Dead on article by Gary Parrish of cbssportsline.com:
The next move in the ongoing game of conference realignment has been made.
And the Big 12 made it.
Which is why the Big 12 seems poised to survive in this eat-or-be-eaten world of college athletics while the Big East continues to get picked apart by anybody and everybody. Pittsburgh and Syracuse announced last month that they're leaving for the ACC; that took the Big East down to seven football-playing schools. Now TCU, according to my colleague Brett McMurphy, is headed to the Big 12 and leaving the Big East with just six football-playing schools ... at least one of which (Connecticut) has made it clear it would like to find a new home, too. Meantime, the Big East has done nothing of note. The league is just sitting there taking punches to the face, one after another, and, consequently, sooner or later, it'll be down for the count and in no position to adequately recover.
The possible additions of Army and Navy won't fix the Big East's problems.
At this point, I can't imagine anything really will.
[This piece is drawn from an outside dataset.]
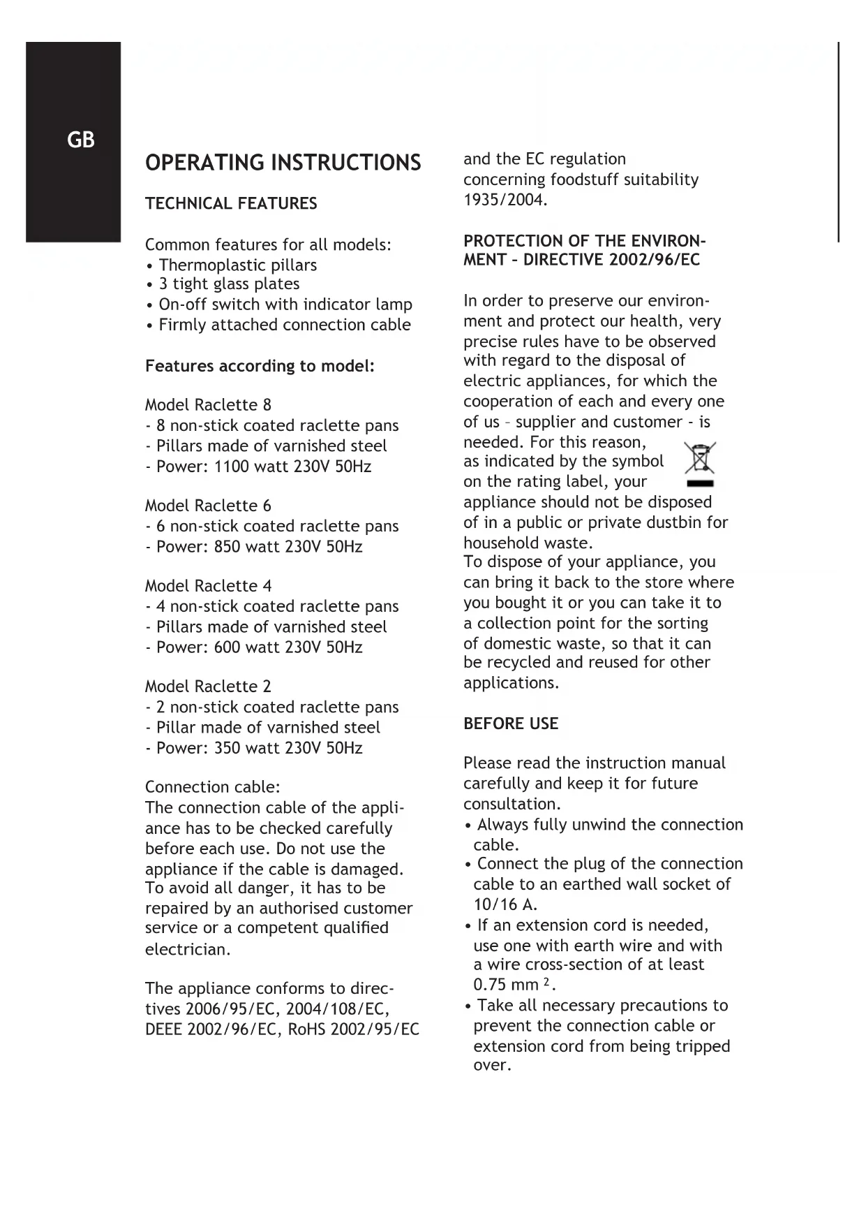 - Firmly attached connection cable Features according to model: Model Raclette 8 - 8 non-stick coated raclette pans - Pillars made of varnished steel - Power: 1100 watt 230V 50Hz Model Raclette 6 - 6 non-stick coated raclette pans - Power: 850 watt 230V 50Hz Model Raclette 4 - 4 non-stick coated raclette pans - Pillars made of varnished steel - Power: 600 watt 230V 50Hz Model Raclette 2 - 2 non-stick coated raclette pans - Pillar made of varnished steel - Power: 350 watt 230V 50Hz Connection cable: The connection cable of the appli- ance has to be checked carefully before each use. Do not use the appliance if the cable is damaged. To avoid all danger, it has to be repaired by an authorised customer serviceoracompetentqualied electrician. The appliance conforms to direc- tives 2006/95/EC, 2004/108/EC, DEEE 2002/96/EC, RoHS 2002/95/EC and the EC regulation concerning foodstuff suitability 1935/2004.

What the Big East should've done is tried to take advantage of the Big 12's turmoil last month and offered invitations to any Midwest school willing to leave the Texas-Oklahoma fight behind. It might not have worked, obviously. But if we've learned anything over the past few years it's that one way to strengthen yourself is to damage the competition, and that's something the ACC highlighted when it targeted Pittsburgh and Syracuse. The Big 12, under new leadership, also understands this approach. But the Big East never has and apparently never will. So it can add Army and Navy if it wants, and perhaps East Carolina, Temple, UCF and SMU, too. But the decision to be reactive rather than proactive has put the Big East in a nearly impossible situation, and, truth be told, the storied league has only itself to blame.